Supply is one challenge facing Microsoft as it pushes its tablet to market. The other problem: the limited sales channel.
Microsoft is testing the limits of its direct sales operation. The Surface is only available through the Microsoft Web site and through 31 retail stores in the United States. Microsoft hasn’t made Surface available to channel partners for resale. Prior to the launch of Surface, channel chief Jon Roskill told Channelnomics nothing had change in Microsoft’s go-to-market strategy with Surface and that the company was taking a wait-and-see approach to releasing the tablets to the channel.

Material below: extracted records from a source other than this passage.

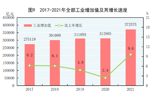 全年全部工业增加值372575亿元,比上年增长9.6%。规模以上工业增加值增长9.6%。在规模以上工业中,分经济类型看,国有控股企业增加值增长8.0%;股份制企业增长9.8%,外商及港澳台商投资企业增长8.9%;私营企业增长10.2%。分门类看,采矿业增长5.3%,制造业增长9.8%,电力、热力、燃气及水生产和供应业增长11.4%。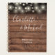 Elegant wedding planner personalized with signature style names on a rustic wood and string lights background. Designed by Thisisnotme©
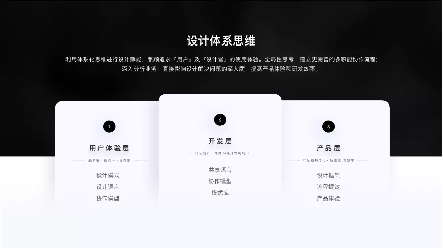 设计体系思维,帮助我们跳出设计的单一层面,去思考从产品层、到体验层、再到开发层这一完整的整体。让设计满足体验层的同时,满足产品层面的目标,同时让产品的设计与开发高度耦合,将整个产品串联成一个整体。体系化的建立和推动,需要整个产品团队拥有一致的目标,并为之通力协作才能完成。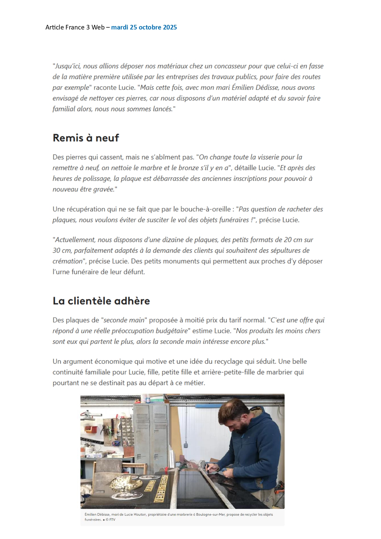 La Marbrerie Mouton se lance dans le recyclage avec des pièces de seconde main, nettoyées et dépersonnalisées, revendues à petit prix.

Not much has changed in the three-weeks since Surface hit the market. Microsoft continues to heavily market Surface on the Web and through television commercials. The tablet is getting generally good reviews from publications and users, although some critics say the RT version – designed for the ARM mobile processor – isn’t as robust as Intel versions and users may be surprised when it doesn’t run legacy applications.
What’s surprising is how Microsoft isn’t gearing up its channel army for the forthcoming launch of the high-end version of Surface running Windows 8 Pro, due out in early 2013. This version is built for business, with an Intel Ivy Bridge processor, 4 GB of memory and 128 GB solid state hard drive. This is precisely the device Microsoft hopes to expand the total tablet market by drawing businesses who want more than a consumer device running their data and applications.
Last week, published reports stated Microsoft’s Surface is designed with more profit than the Apple iPad. The revelation, if true, gives credence to those who charge Microsoft with trying to retain margins by not selling the Surface through the channel. Microsoft may save money by keeping Surface out of the channel, but Microsoft’s inability to address the total market with its tablet shows the folly of not selling through the channel.
Meanwhile, sales of Apple’s new iPad Mini, the 7-inch version of its market-leading tablet, sold more than 3 million units in the first three days of general availability. Apple, too, sells its devices mostly through direct channels, augmented by some retail sales. At the same time, Google’s Nexus family of tablets is selling at a pace of more than 1 million per month.
The difference between Microsoft and its tablet rivals: Apple and Google have larger and more mature direct and retail sales systems. Microsoft is just getting started in direct sales. While Microsoft has nearly three dozen retail stores, it’s but a fraction of the near 300 Apple stores or the huge Google online presence.
Microsoft may be keeping Surface out of the IT channel in deference to its OEM partners. Microsoft wrinkled longtime PC allies such as Dell, Hewlett-Packard and Acer when it announced Surface. Most of the major PC vendors are coming out with Windows 8 tablets. HP, in particular, is planning to address the business market with professional tablets running Windows 8. By keeping Surface out of the channel, Microsoft may be clearing the lanes for PC vendors to sell their devices through reseller partners.
Regardless of the rationale, Microsoft’s launch of the Surface tablet is validating the value of the channel is extending sales capacity for vendors. By not working with the tens of thousands of solution providers in the indirect channel, vendors run the risk of capping sales and, by extension, profitability.